Methods: Patients diagnosed to have Stargardt maculopathy had two 5-second fixation tests using SLO-based macular perimeter. During one test the patient was asked to,“Look at the cross” (LC). During the second the patient was asked to, “Look straight ahead even if you do not see the cross” (LS). Thirteen control subjects were tested under the same conditions. Foveal location was determined with OCT topographies scans in control subjects. The mean position of anatomic fovea relative to the disk in controls was used to localize the position of the fovea in Stargardt subjects. The mean vector length, mean angle, and angular dispersion from anatomic fovea to fixation for each subject under each condition were calculated. Data about visual acuity, contrast sensitivity and time since diagnosis was taken from the medical record.

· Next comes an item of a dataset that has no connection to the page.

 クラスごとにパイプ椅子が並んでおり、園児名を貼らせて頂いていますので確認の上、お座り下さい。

Results: Records of 38 patients with Stargardt maculopathy were reviewed. Fixation was most frequently in the superior retina (74% LC condition and 67% LS condition). The average PRL eccentricity was 11.02 degrees for the LC condition (median = 9.52 degrees) and 7.84 degrees for the LS condition (median = 5.9 degrees). This difference was statistically significant (P < 0.001). Sixty-nine percent of subjects had inter-ocular PRLs that were < 10 degrees apart. Approximately 43% of eyes did not statistically change fixation when asked to look straight ahead. When fixation did shift, the magnitude of the shift was correlated with the PRL eccentricity determined when asked to look at the cross (OD, r = -0.69, P < 0.001; OS, r = -0.76, P < 0.001; OU, r = -0.66, P < 0.001). The distance moved under the different conditions (LC and LS) was not correlated with age, disease duration, age of disease onset, visual acuity, contrast sensitivity or BCEA.

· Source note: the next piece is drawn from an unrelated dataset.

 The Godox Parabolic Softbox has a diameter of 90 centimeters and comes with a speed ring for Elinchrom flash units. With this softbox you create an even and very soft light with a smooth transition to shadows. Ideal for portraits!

Conclusions: Even after longstanding disease and established ability to use eccentric fixation, some patients will move their fixation from their preferred retinal locus (PRL) when asked to look in the direction that they believe is straight ahead. Verbal directions can change fixation in patients with Stargardt maculopathy and, therefore, may impact measured visual function, such as visual acuity assessments or PRL assessment.